** INFORMATION SUPPLIED **

# # # # # # #

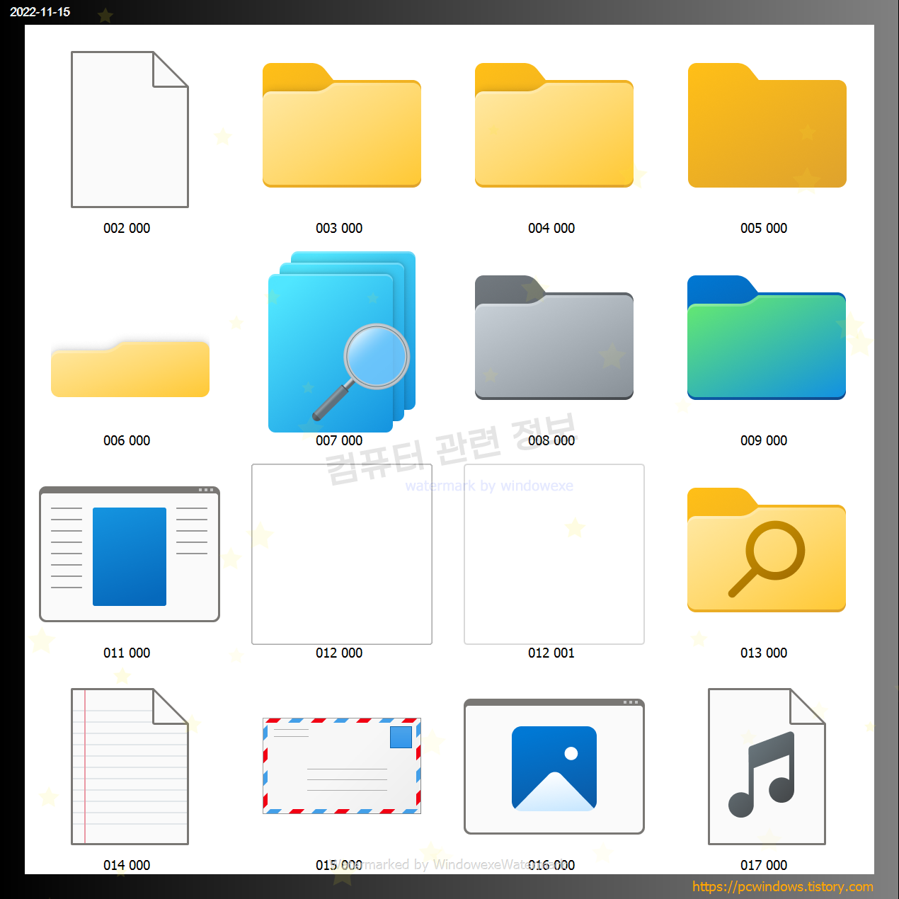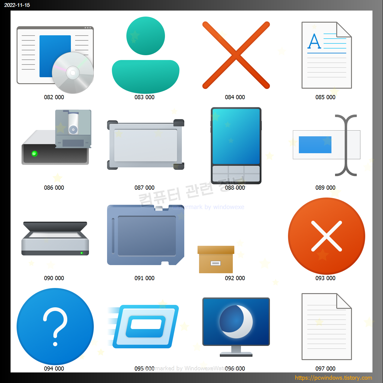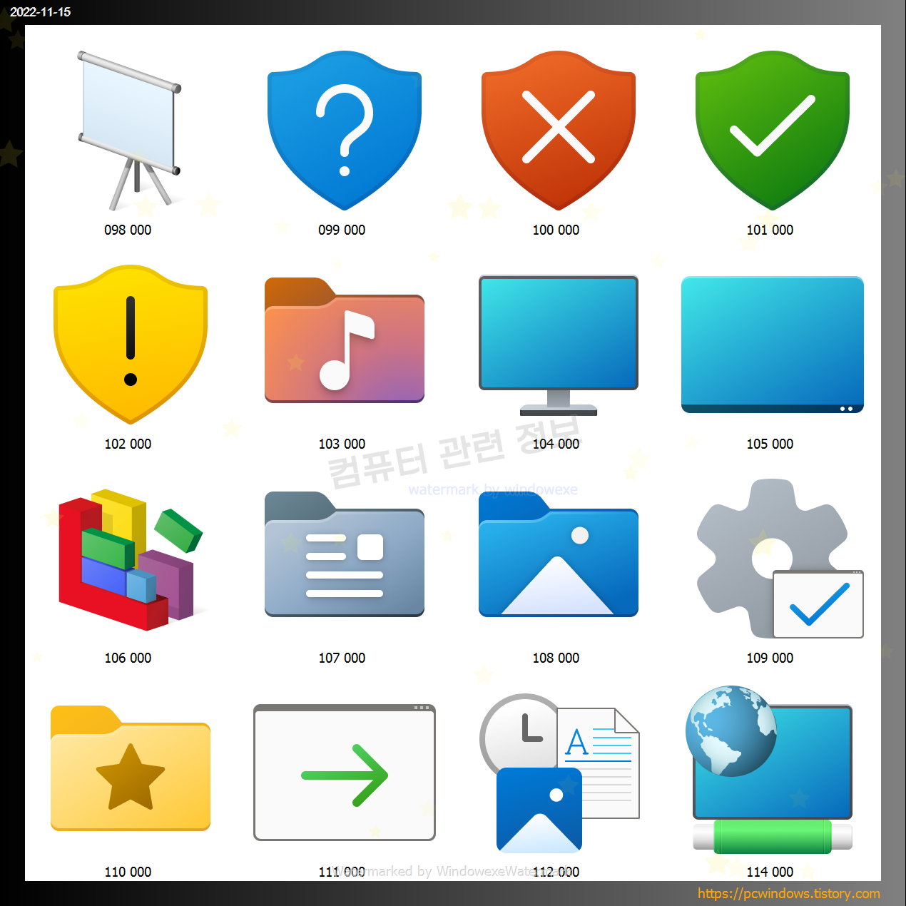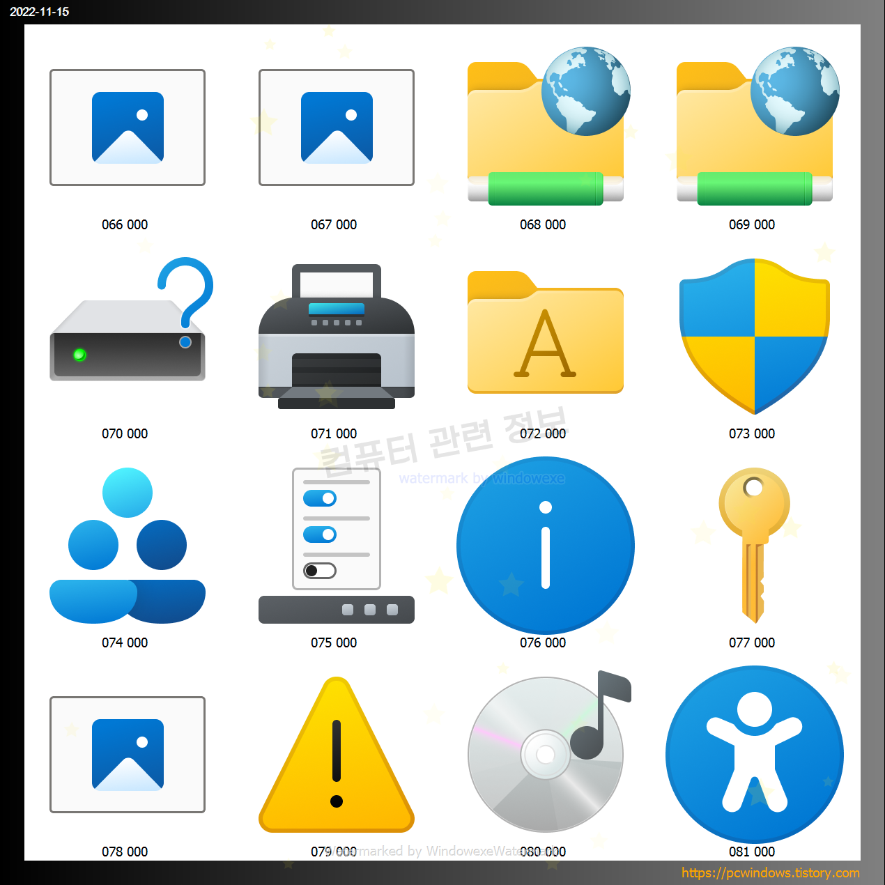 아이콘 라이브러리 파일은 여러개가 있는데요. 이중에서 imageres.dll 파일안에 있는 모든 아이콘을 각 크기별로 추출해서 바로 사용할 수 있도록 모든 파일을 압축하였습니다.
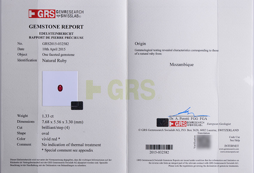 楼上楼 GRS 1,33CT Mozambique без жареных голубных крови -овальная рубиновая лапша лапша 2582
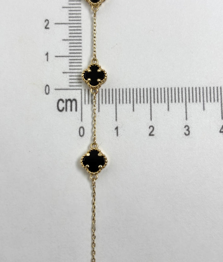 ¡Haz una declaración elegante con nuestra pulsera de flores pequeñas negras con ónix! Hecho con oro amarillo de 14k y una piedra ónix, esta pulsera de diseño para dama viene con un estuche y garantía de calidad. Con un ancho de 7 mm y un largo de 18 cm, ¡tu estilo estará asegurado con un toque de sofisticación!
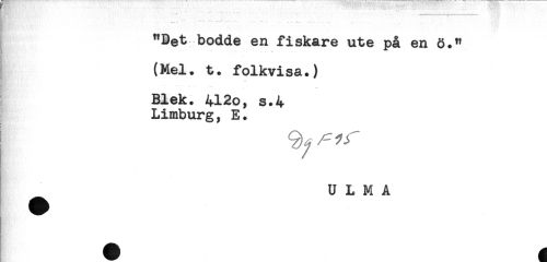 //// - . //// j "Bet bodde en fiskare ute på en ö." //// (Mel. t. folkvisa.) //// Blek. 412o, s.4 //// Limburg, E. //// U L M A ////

# # # # # # #

** WHAT IS NEEDED **
All of the data must be given again exactly, without the pictures.

** EXERCISE OUTPUT **
 아이콘 라이브러리 파일은 여러개가 있는데요. 이중에서 imageres.dll 파일안에 있는 모든 아이콘을 각 크기별로 추출해서 바로 사용할 수 있도록 모든 파일을 압축하였습니다.
 楼上楼 GRS 1,33CT Mozambique без жареных голубных крови -овальная рубиновая лапша лапша 2582
 ¡Haz una declaración elegante con nuestra pulsera de flores pequeñas negras con ónix! Hecho con oro amarillo de 14k y una piedra ónix, esta pulsera de diseño para dama viene con un estuche y garantía de calidad. Con un ancho de 7 mm y un largo de 18 cm, ¡tu estilo estará asegurado con un toque de sofisticación!
 //// - . //// j "Bet bodde en fiskare ute på en ö." //// (Mel. t. folkvisa.) //// Blek. 412o, s.4 //// Limburg, E. //// U L M A ////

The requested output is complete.